Both the human and animal data suggest that the initial central sensitization is critical to the development of PLP or pain in deafferented structures. However, as described previously, PLPs which resemble pre-amputation pain sometimes require a peripheral stimulus to trigger their onset. In other cases, PLP can be relieved by local anesthesia of focal points in the stump (Livingston 1943). Thus, while PLP may be initiated by central sensitization associated with an injury barrage, there is a role for peripheral inputs and potentially ongoing central sensitization for the maintenance of PLP. In many cases, PLPs resolve themselves within a few months of amputation. It is expected that in these cases PLP is originally driven primarily by inputs from ectopic activity in stump neuromas or DRG cells acting on dorsal horn neurons sensitized by the pre-amputation injuries and/or the injury barrage associated with the nerve sections at the time of amputation. The PLP subsides when the damaged nerves heal adequately minimizing ongoing inputs from the stump neuromas or DRG cells. PLP may continue if the initial sensitization is of sufficient intensity, if peripheral tissues do not heal adequately, or if stump neuromas or DRG cells develop a sensitivity to sympathetic efferent activity so that ongoing peripheral inputs produce an ongoing sensitization. Furthermore, the fact that PLP can be triggered months or years after the amputation, suggests that initial central sensitization produces a lasting influence on central processing, which can re-instate a painful condition if appropriate dorsal horn neurons and/or more rostral sensory structures are activated by peripheral triggering inputs.
Early this century, Crile (1913) first proposed that CNS changes produced by tissue damage and noxious inputs associated with surgery could contribute to post-operative pain. However, it was only after the recent finding of Woolf and Wall (1986) provided a sound justification for pre-emptive treatment, that this idea began to receive the clinical attention it deserves.
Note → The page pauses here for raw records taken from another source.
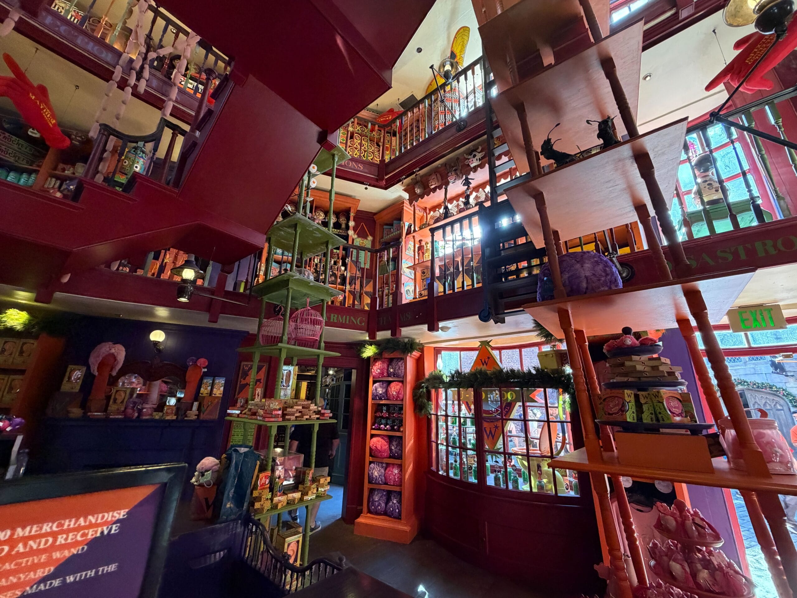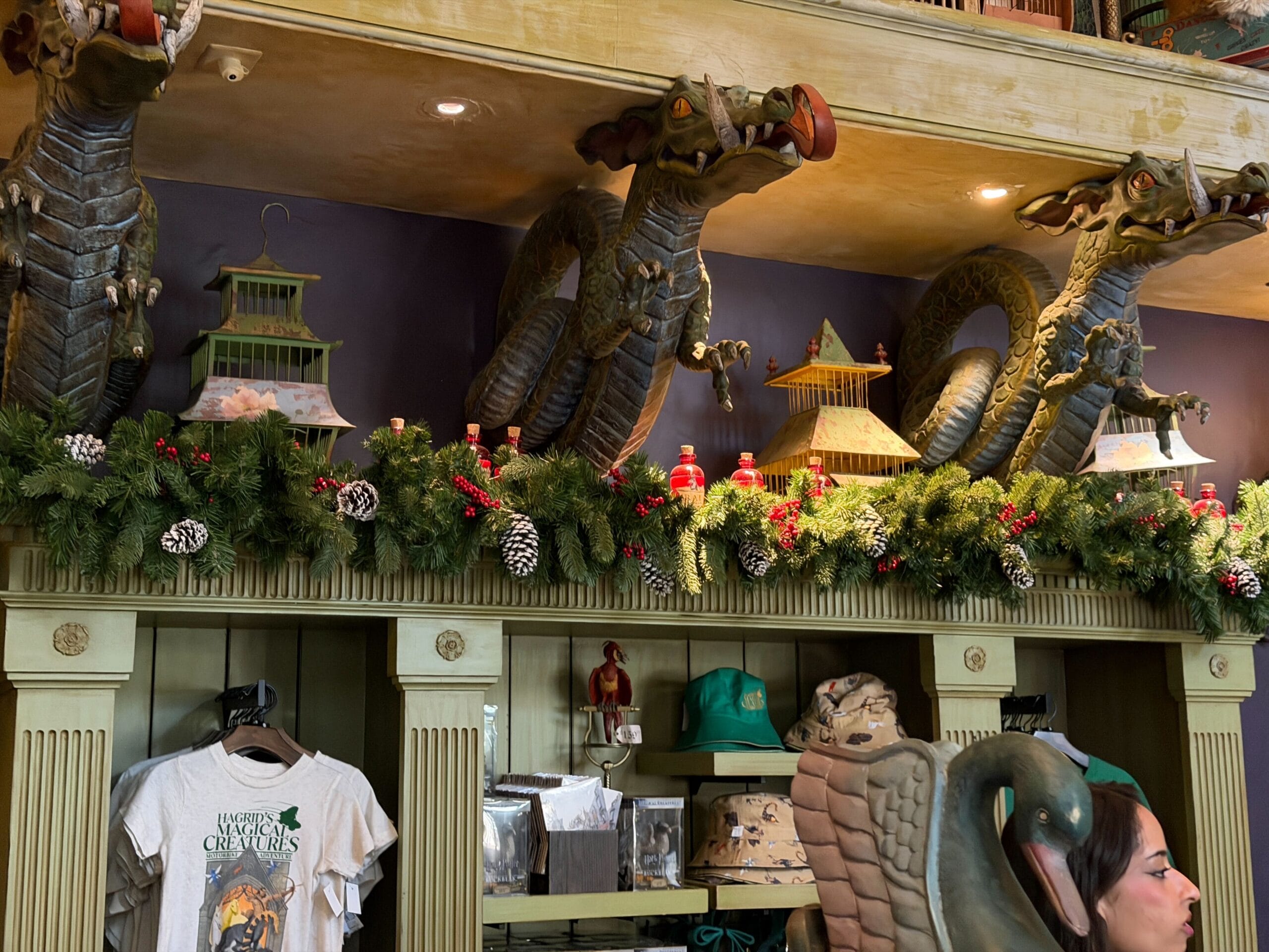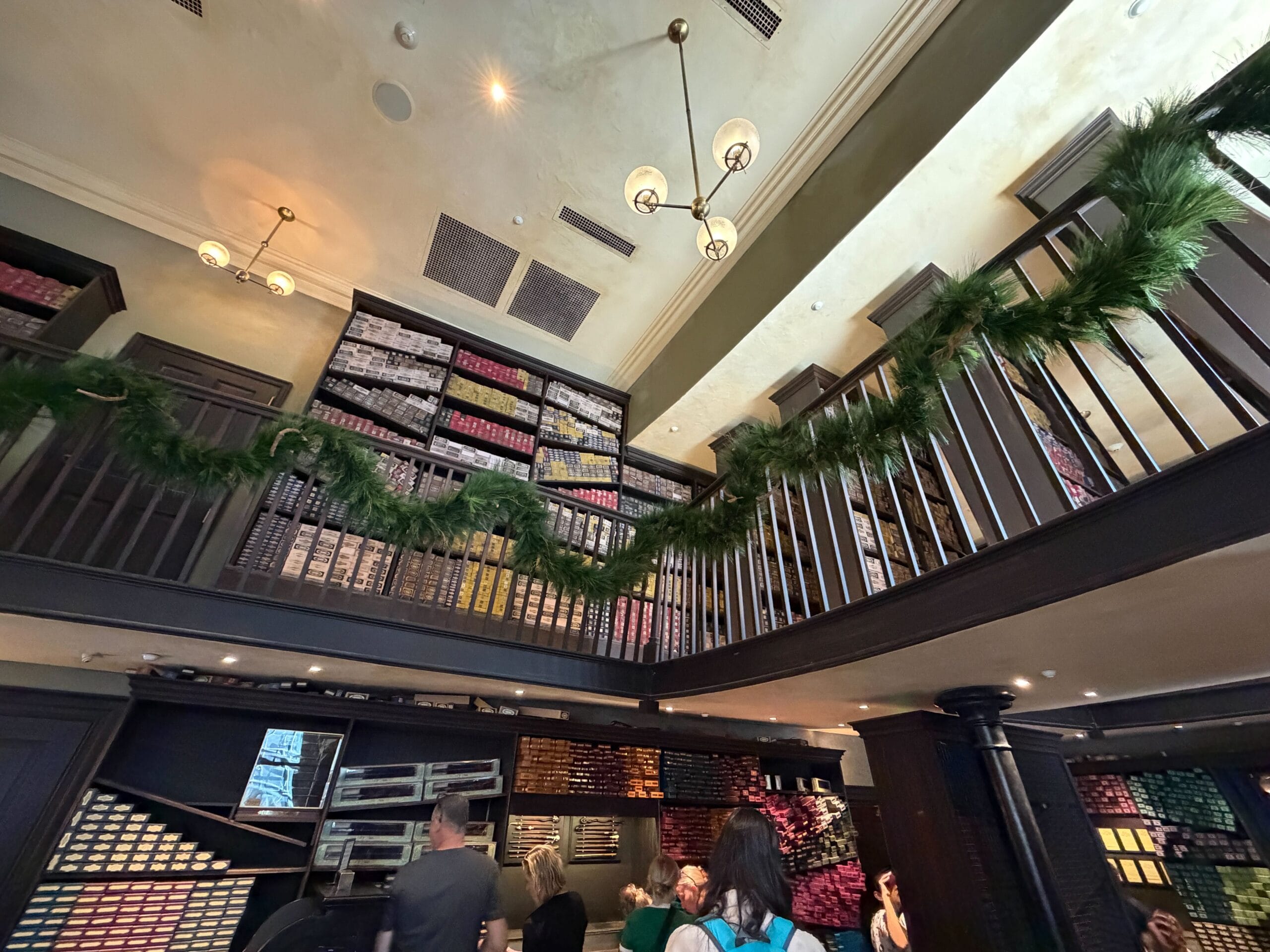 Inside, guests will see more green garland from the second story banister as they peruse the collection of wands.
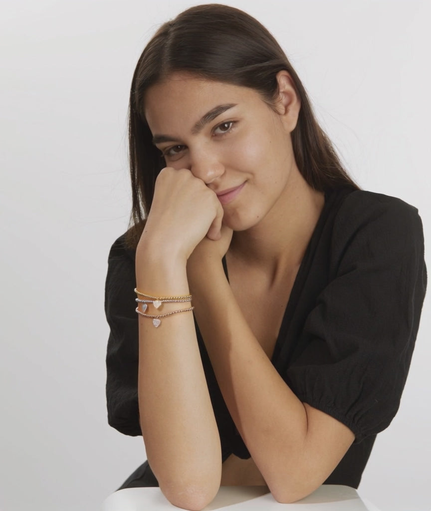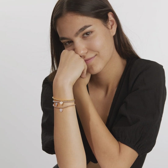 Elegantes Damen-Armband aus vergoldetem Silber mit glänzenden Kugeln und funkelndem Herz-Anhänger besetzt mit Zirkonia-Steinen. Ein zeitloser, romantischer Schmuck, der jedes Outfit stilvoll ergänzt. Verstellbare Länge für perfekten Sitz am Handgelenk.
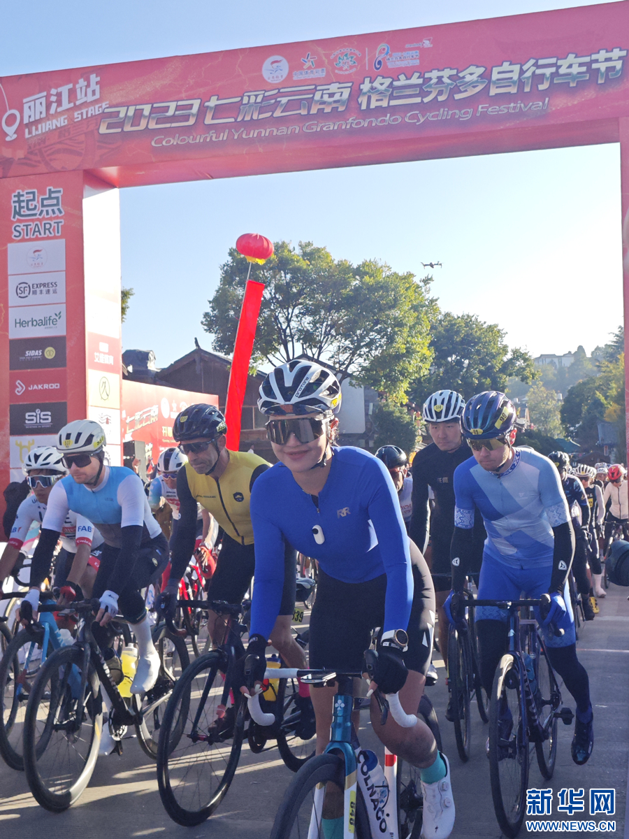 2023七彩云南格蘭芬多自行車節麗江站開賽(11月10日攝)。新華網發(和潤仙 攝)
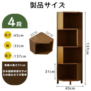 本体サイズ:幅61x奥行23x高さ133.5cm ? 本体重量:約13kg ? 素材:楠竹 ? 棚の耐荷重:約20kg/段 ? 転倒防止設計あり、4段式で、本とか小物とかの収納や展示にぴったりのオープンシェルフです。 ?...
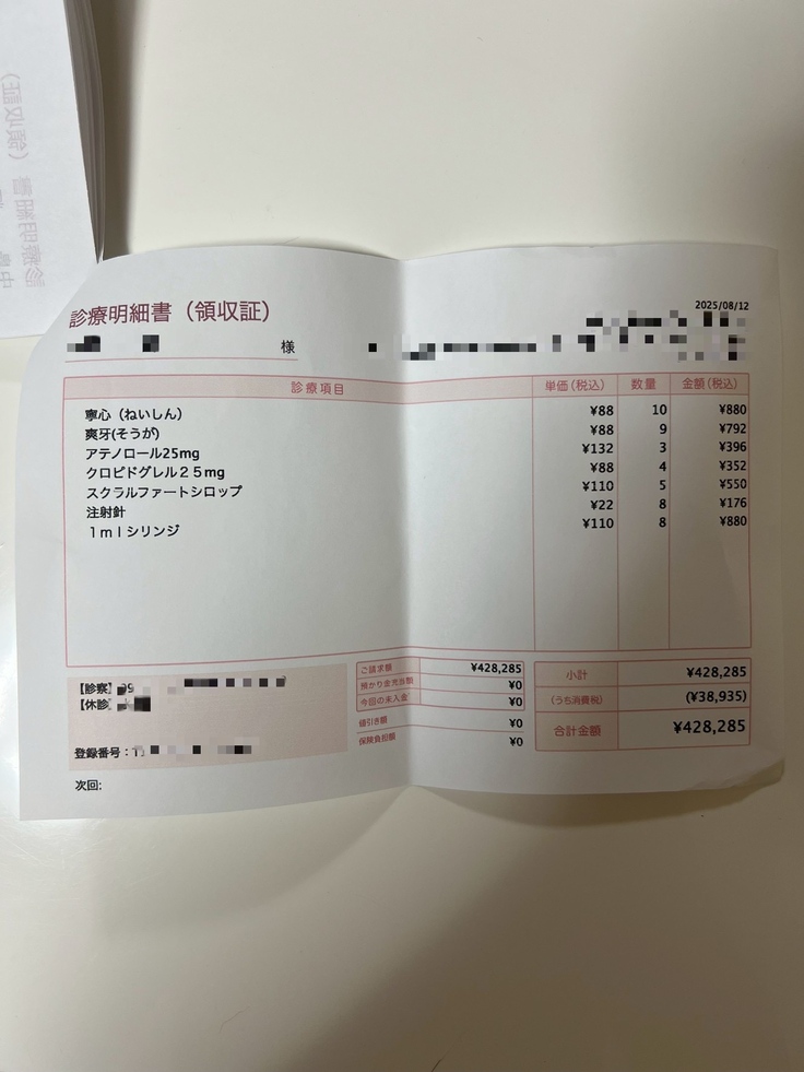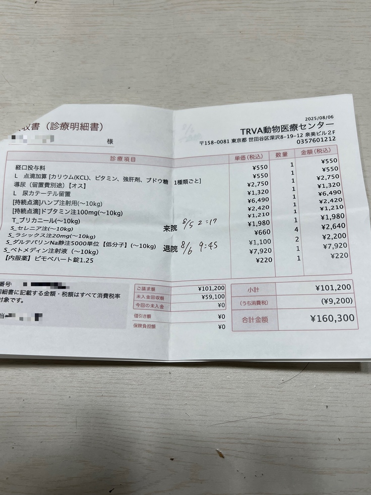 一部ではありますが、今回1匹に対してかかった明細書も掲載させていただきます。
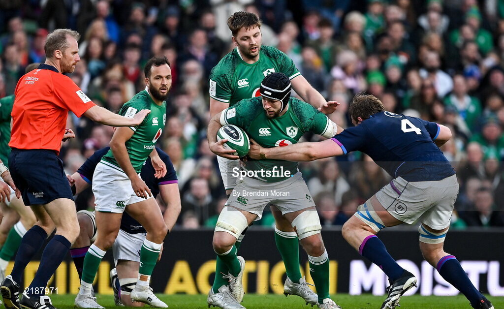 19 March 2022; Caelan Doris of Ireland is tackled by Jonny Gray of Scotland during the Guinness Six Nations Rugby Championship match between Ireland and Scotland at Aviva Stadium in Dublin. Photo by Brendan Moran/Sportsfile
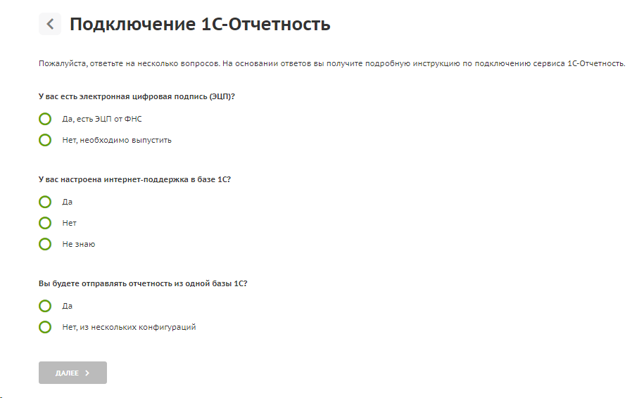 После этого ответьте на несколько вопросов по подключению и нажмите на кнопку «Далее».

Woolf and Wall (1986) demonstrated in experimental animals that opioids are much more effective at reducing stimulus-induced increases in the excitability of the dorsal horn if they are administered prior to, rather than following, C-fiber electrical nerve stimulation. Recent clinical evidence supports the hypothesis that the administration of analgesic agents prior to surgery may prevent the central sensitizing effects of the surgical procedure. Thus, it may be possible to reduce post-operative pain intensity or lower post-operative analgesic requirements for periods much longer than the duration of action of the pre-operatively administered agents.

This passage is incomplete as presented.